Prerequisite: Stat 400. The material needed is mostly definitions and concepts, and some basic algebraic manipulations involving probabilities. But later in the course, some understanding of Stat 400 material on distributions of functions of random variables will help you make sense of statistical simulation methods. (That material will be reviewed as needed.)
 

Text: Ronald Cody and Jeffrey Smith, Applied Statistics and the SAS Programming Language,
5th ed., Prentice-Hall, 2006.

Course requirements and Grading:    Most of the work for the course will consist of 8--10 graded Problem Sets.

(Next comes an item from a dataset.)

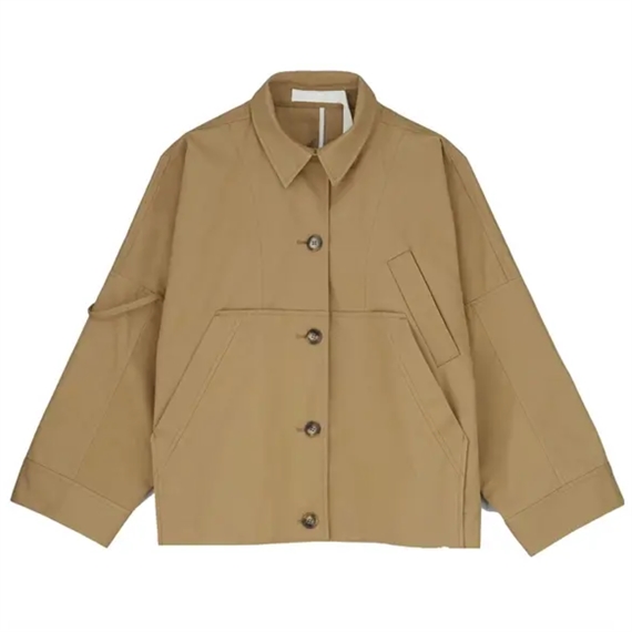 Jules Jakke fra Aiayu er en tidløs klassiker med elegante detaljer såsom uniform-inspireret shape, skrålommer og knappelukning. Jakken er designet med et let oversized fit, så vi anbefaler du vælger din normale størrelse. Jules jakken falder utrolig let og er udformet i Ventile-stof, som er en ekstra kraftig, tætvævet bomuld, der gør jakken exceptionel holdbar. Den ekstra tætte vævning skaber en glat overflade, som på naturlig vis holder vind og vand effektivt ude.

These will involve writing and running small SAS programs and interpreting the sequence of data-analysis operations and outputs.
While you will be permitted to share hints and information concerning SAS programming, the reasoning behind analyses, summaries of them, interpretation of results, and the edited copies you hand in must be exclusively your own work.

In addition, there will be an in-class test toward the end of March, on basics of the SAS language and concepts underlying data-display and statistics in categorical data, two-sample comparisons, and simple linear regression. Finally, there will be a slightly more ambitious data-analysis term project in place of a Final Exam (due Friday, May 15, 5pm).
The course grade will be based on a weighted average of your homework, test, and project grades, with 50% weight on Homework scores (with none dropped) and 25% for the Test and 25% for the Term Project.


MIDTERM TEST

The In-class Midterm test will be given on Monday, March 30, 2009.   It will cover
material from Chapters 1-3 (omitting sections 3.M, 3.P and 3.R), 5 through 5.F, 6.A-B,
13.A-D,H-K, 14.A-D. plus several handouts (the ones on Plotting, Histograms, QQplots,
Empirical Distribution Functions, and Partial Correlations.) Only material covered in
class (through Wed., Mar. 25) and handouts and scripts will be within scope
for the test.
NOTE: you can bring one 2-sided notebook sheet to the test as a memory aid.
Except for your notebook sheet, the test is closed-book. You can use a calculator,
but I will not ask for much if any arithmetic.


Click here for Data Analysis Term Project Guidelines.     (Due Date: Friday May 15, 5pm)


The University of Maryland, College Park has a nationally recognized Code of Academic Integrity, administered by the Student Honor Council. This Code sets standards for academic integrity at Maryland for all undergraduate and graduate students. As a student you are responsible for upholding these standards for this course. It is very important for you to be aware of the consequences of cheating, fabrication, facilitation, and plagiarism. For more information on the Code of Academic Integrity or the Student Honor Council, please click here.


If you need help...

My office hours are (tentatively) Monday 2-3 and Thursday 11-12.  I will often
be available at other times too, except on Tuesdays, but please send an e-mail
or arrange with me in class for an office appointment.


Homework Assignments and Solutions.

The current problem assignment can be found here. Here is an additional link for current reading
which you should do in order to follow the lectures and practice the tools for the Homework.
Solutions to that assignment and selected problem solutions (other than those included
in example Scripts) will be posted to the HWSoln Directory as the term progresses.


           HOMEWORK GUIDELINE

Please remember for all Homework and Project papers to be handed in for this course:
the consistent guideline is to hand only as much SAS code as will show that you did
the computations correctly using SAS, and only as much output, edited into a coherent
narrative where narrative and explanations are requested, as is needed to answer the
questions asked and to justify the sequence of steps and conclusions you have made.

You will be graded down for handing in lots of extraneous material !




      HANDOUTS   (with many more to come)

(1).    Click SASintro for a step-by-step discussion about how to get started in SAS on
University or other machines.
        By clicking here, you can download free `X-windows' software that will allow you
to create the X-windows needed to use SAS in your WAM account from a home PC.
NOTE: the xlivecd software works only for Windows versions up to and including XP,
not Vista.
Another approach which which works very well is to install the free software Xming:
do this by following the instructions here VERY closely.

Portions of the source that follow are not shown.